Activity => Exact transcription, pictures omitted: begin at the top line of the records below and end with the line bearing "Jonathan Rodríguez marcó".

Data supplied =>
>>>>>

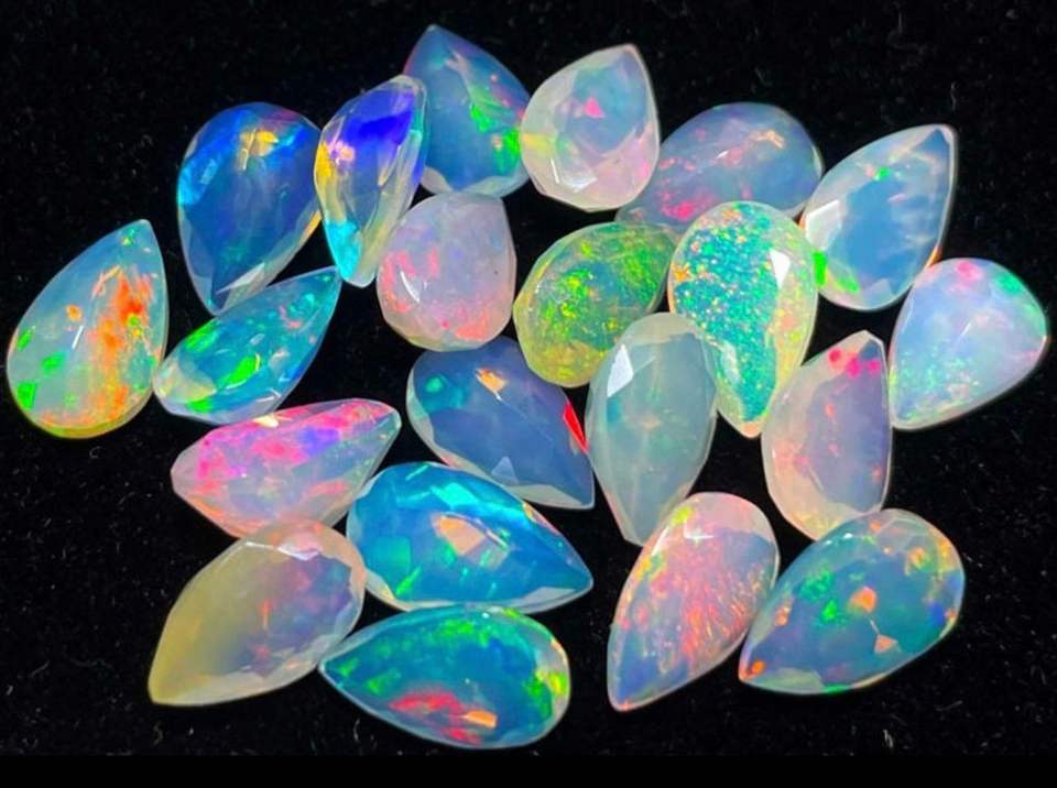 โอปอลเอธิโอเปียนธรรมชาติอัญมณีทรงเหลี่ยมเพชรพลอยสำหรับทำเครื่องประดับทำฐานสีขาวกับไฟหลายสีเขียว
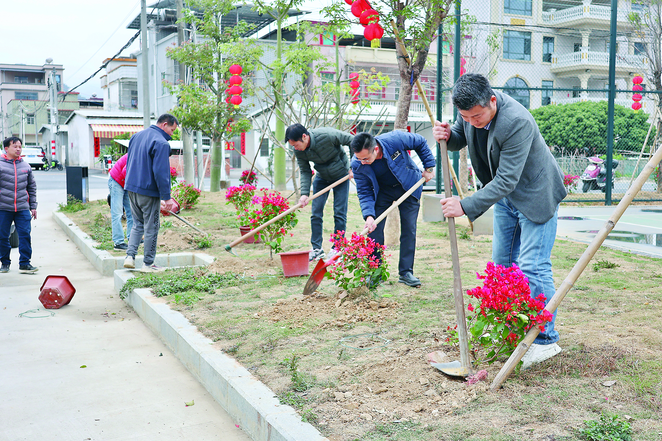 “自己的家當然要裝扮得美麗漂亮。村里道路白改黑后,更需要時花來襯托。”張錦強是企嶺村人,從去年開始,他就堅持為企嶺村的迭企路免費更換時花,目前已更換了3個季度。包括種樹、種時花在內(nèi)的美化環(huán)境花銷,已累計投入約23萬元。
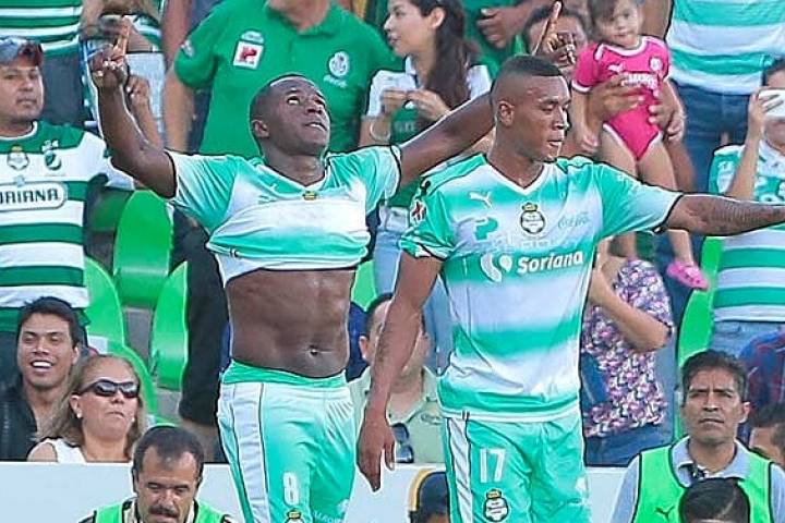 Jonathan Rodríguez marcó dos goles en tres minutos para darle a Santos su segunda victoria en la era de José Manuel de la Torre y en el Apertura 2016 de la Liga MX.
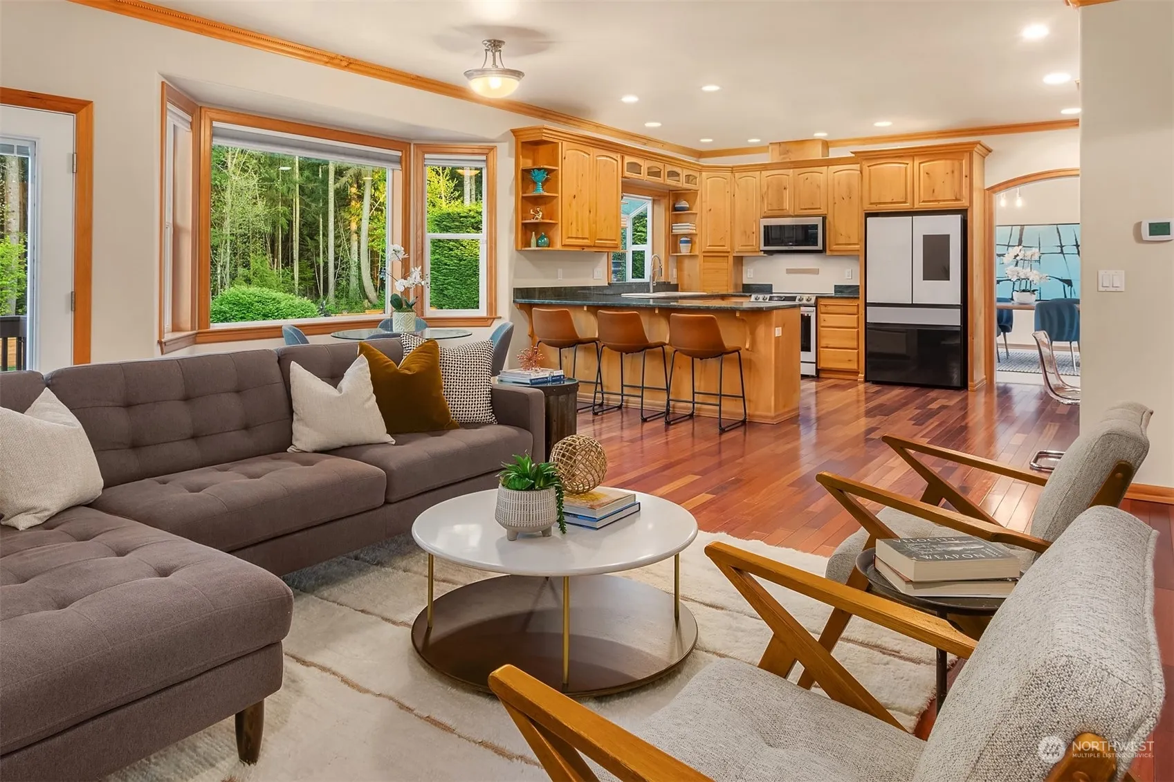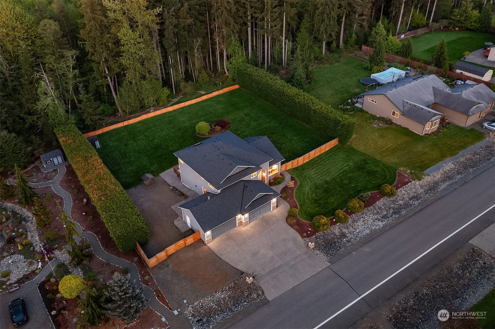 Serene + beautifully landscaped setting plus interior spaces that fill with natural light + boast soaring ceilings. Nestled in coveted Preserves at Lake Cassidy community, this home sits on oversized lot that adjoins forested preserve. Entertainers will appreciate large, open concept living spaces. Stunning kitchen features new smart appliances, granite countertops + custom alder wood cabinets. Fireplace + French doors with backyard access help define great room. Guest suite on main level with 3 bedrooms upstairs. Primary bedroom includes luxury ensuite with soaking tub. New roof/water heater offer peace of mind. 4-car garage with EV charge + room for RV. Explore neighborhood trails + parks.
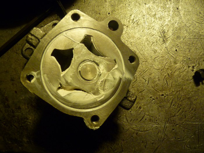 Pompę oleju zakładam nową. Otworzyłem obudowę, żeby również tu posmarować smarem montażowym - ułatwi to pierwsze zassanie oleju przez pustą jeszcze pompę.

<<<<<

Solution to this exercise =>
 โอปอลเอธิโอเปียนธรรมชาติอัญมณีทรงเหลี่ยมเพชรพลอยสำหรับทำเครื่องประดับทำฐานสีขาวกับไฟหลายสีเขียว
 “自己的家當然要裝扮得美麗漂亮。村里道路白改黑后,更需要時花來襯托。”張錦強是企嶺村人,從去年開始,他就堅持為企嶺村的迭企路免費更換時花,目前已更換了3個季度。包括種樹、種時花在內(nèi)的美化環(huán)境花銷,已累計投入約23萬元。
 Jonathan Rodríguez marcó dos goles en tres minutos para darle a Santos su segunda victoria en la era de José Manuel de la Torre y en el Apertura 2016 de la Liga MX.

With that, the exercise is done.